This genus is newly recorded in Ethiopia, with two species new to the country: Morphopoides tessmanni (Günther, 1939) and Morphopoides folipes (Hancock, 1908). This genus is characterized by a set of characters: pronotum almost flat or with two low bumps; small projection next to the eyes; pronotum sometimes/usually presenting small shiny tubercles in the shape of ocelli; median keel more or less protruding; dorsal keels are not very prominent, rounded, narrow, or toothed; lateral carinae beginning after the scapular area; fastigium quite narrow or narrow; median carinule not very prominent; without tubercles; transverse carina of the fastigium very short; frontal rib narrow, widened toward the upper eyespot, slightly projecting; antennal grooves situated below the lower margin of the compound eyes; anterior and middle shins enlarged and with tubercles or small spines, enlarged fore and mid femora with pointed lobes; posterior femora with slightly toothed edges; and macropronotal pronotum with a right anterior edge.

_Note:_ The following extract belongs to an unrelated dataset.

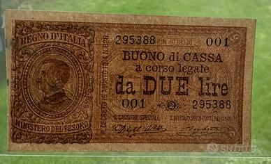 Banconota 2 Lire 1914 seie 001 rarissima periziata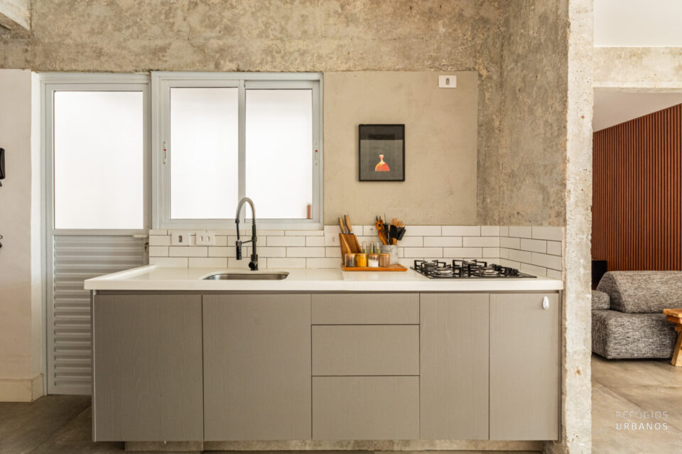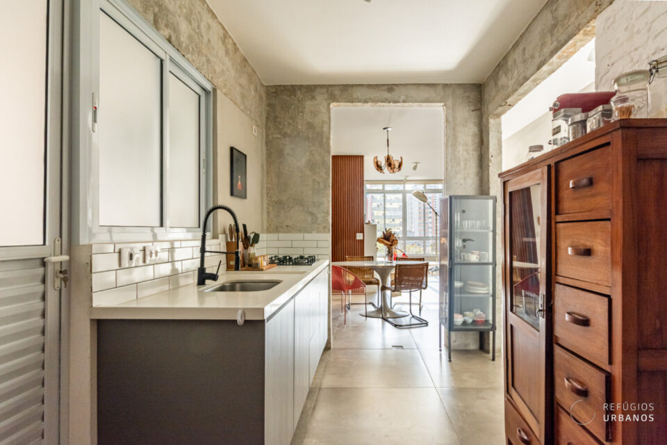 Além disso, a cozinha integra-se de forma fluida e prática. Vale ressaltar que esse ambiente está equipado com marcenaria e eletrodomésticos.

Key to species of Morphopoides (Rehn, 1930) in Ethiopia

Robust species: from the dorsal view, the pronotum is highly and broadly elevated at the anterior part; it mimics small stones; it is very broad (Figure 3A,B), convex pronotum; lower and upper edges of the fore and middle femora have irregular notched teeth (upper and lower edge) (Figure 3B), fastigium is very narrow, equal to a quarter of the width of an eye; and eyes are not very prominent; rounded (Figure 3C).............................................................................................................................................................................. Morphopoides tessmanni (Günther, 1939).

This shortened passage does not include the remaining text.